What can nerds do for the election? - bdr
http://scottaaronson.com/blog/?p=353

======
MHollender
Why are most nerds either Liberal or Libertarian and almost never
Conservative? I think the main reason is that they only look at Conservative
politicians (who suck, but that's what you can expect from a democracy) and
not intellectuals: John Kekes, Thomas Sowell, Michael Oakeshott etc.

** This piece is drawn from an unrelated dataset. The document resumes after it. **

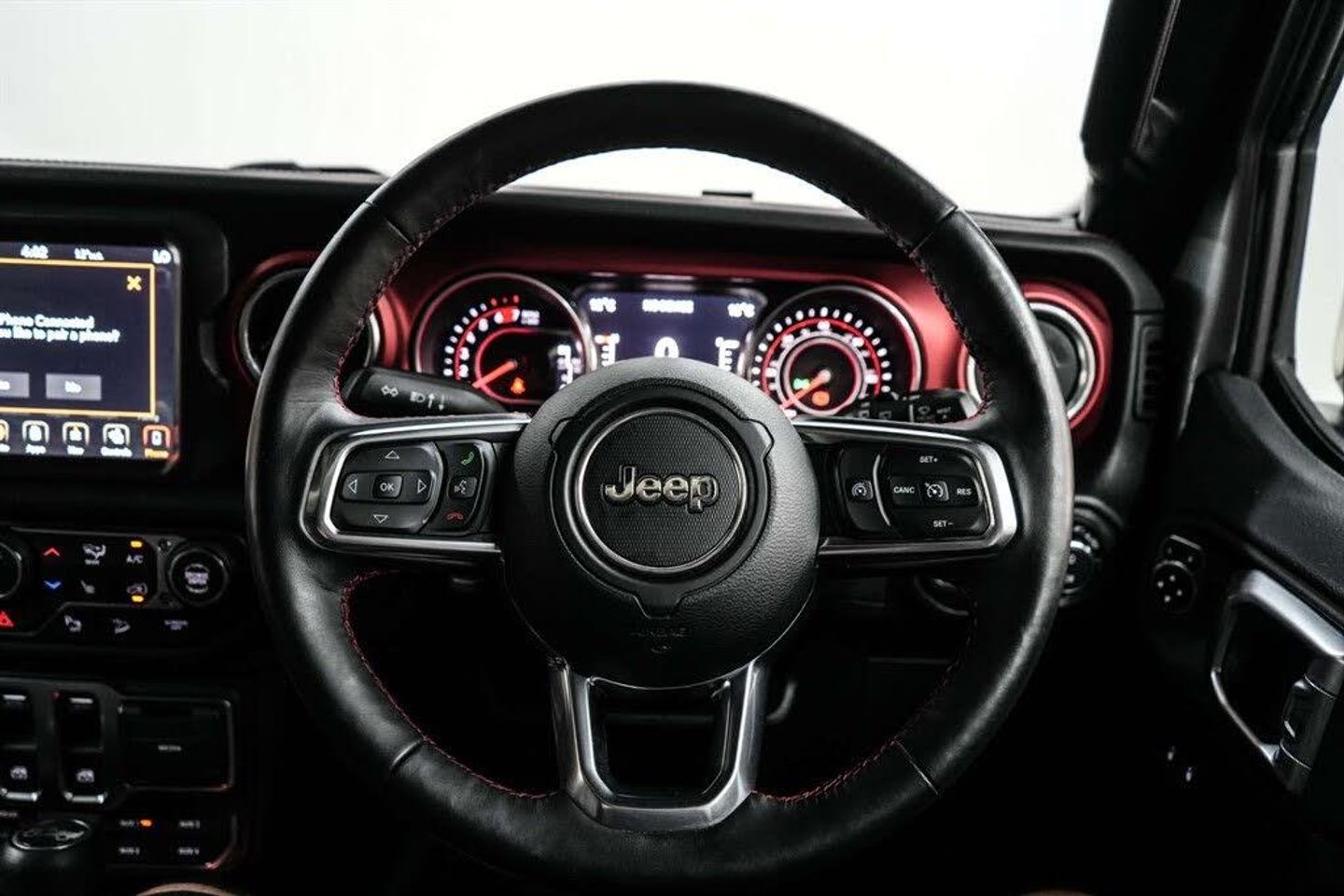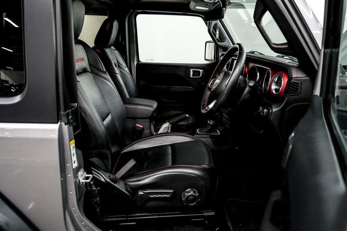 12V Auxiliary Power Outlet - Rear,12V Auxiliary Power Outlet Centre Console,17in Alloy Wheels - Polished Aluminium with Black Pockets,ABS - Anti-Lock Brakes,Active Speed Limiting Device,Airbags - Drivers,Airbags - Front Side,Airbags - Passenger,Alarm - Premium,Ambient LED Interior Lighting,Apple CarPlay,Auto Dimming Rear View Mirror,Black Freedom Top 3-Piece Modular Hard Top,Climate Control,Cruise Control,Daytime Running Lights - LED,Deep Tint Sunscreen Glass,Door Mirrors - Black,Door Mirrors - Power Adjustable and Heated,EARS - Emergency Accident Response System,ESC - Electronic Stability Control,Electric Windows - Front One Touch,Fender Flares - Black,Floor Mats - Front,Front Fog Lamps - Round LED,Front Grille - Body Colour with Accent Colour Grille and Headlamp Throats,Front Sway Bar - Disconnectable,Front Windscreen Wipers - Variable and Intermittent,Google Android Auto,Headlamp Off Time Delay,Headlights - Automatic On,Headlights - LED with Round Signature,Headlights - Levelling System,Heated Front Seats,Heavy Duty Electrical Pack,Illuminated Front Cupholders,Instrument Cluster - 7in TFT Colour Display,Keyless Entry,Keyless Go with Push to Start Button,LED Tail Lamps,Leather Wrapped Steering Wheel and Shift Knob,Manual 2-Way Adjustable Driver Lumbar Support,Manual 6-Way Adjustable Driver Seat,ParkSense Rear Park Assist System,ParkView Rear Back Up Camera,Parking Sensors - Front,Power Steering - Electro-Hydraulic,Premium Alpine Audio System with Subwoofer,Rear Fog Lamps,Rock Rails,Rubicon Hood Decal,Seats - Passenger 4-Way Adjustment,Seats - Rear Folding,Spare Wheel Cover,Speakers x8,Steering Wheel - Mounted Audio Controls,Storage Tray,Sun Visors with Illuminated Vanity Mirrors,Tru-Lock Differentials,Tyre Pressure Monitoring - Warning Display,Uconnect 8.4in with Navigation,Uconnect Live - Europe,Vehicle Information Centre,Billet Silver,Hardtop Headliner,Leather - Black with Rubicon Logo and I-P Mid Panel in Hard Painted Silver Platinum

Scott touched on an important thing about this serene confidence stuff, but in
historical scales, that's not how it works. It's always been Progressives who
were so damned sure that their ways are illuminated by the Light of Reason and
everybody else is a superstitious dumbass. And it was the Conservatives like
Montaigne or Pascal who were full of doubt. Of course, when democracy became
inevitable Conservatives had to learn to fake confidence and they usually did
it with this faux Christian-Fundie-Nationalist crap because the average voter
sadly needs some sort of a simple message, they aren't reading any books or
something. But that's only a recent development, not older than a hundred
years, approximately. On a historical scale, this self-righteous approach is
mostly Progressive. Therefore, don't support a Liberal. Not even he doesn't
seem to be as full of shit as Comte or Rousseau were. Not even if the recent
post-Goldwater decades Conservatives became more full of shit (the religious
type of shit) than Liberals. It might be a good idea in the short run but only
makes things worse in the long.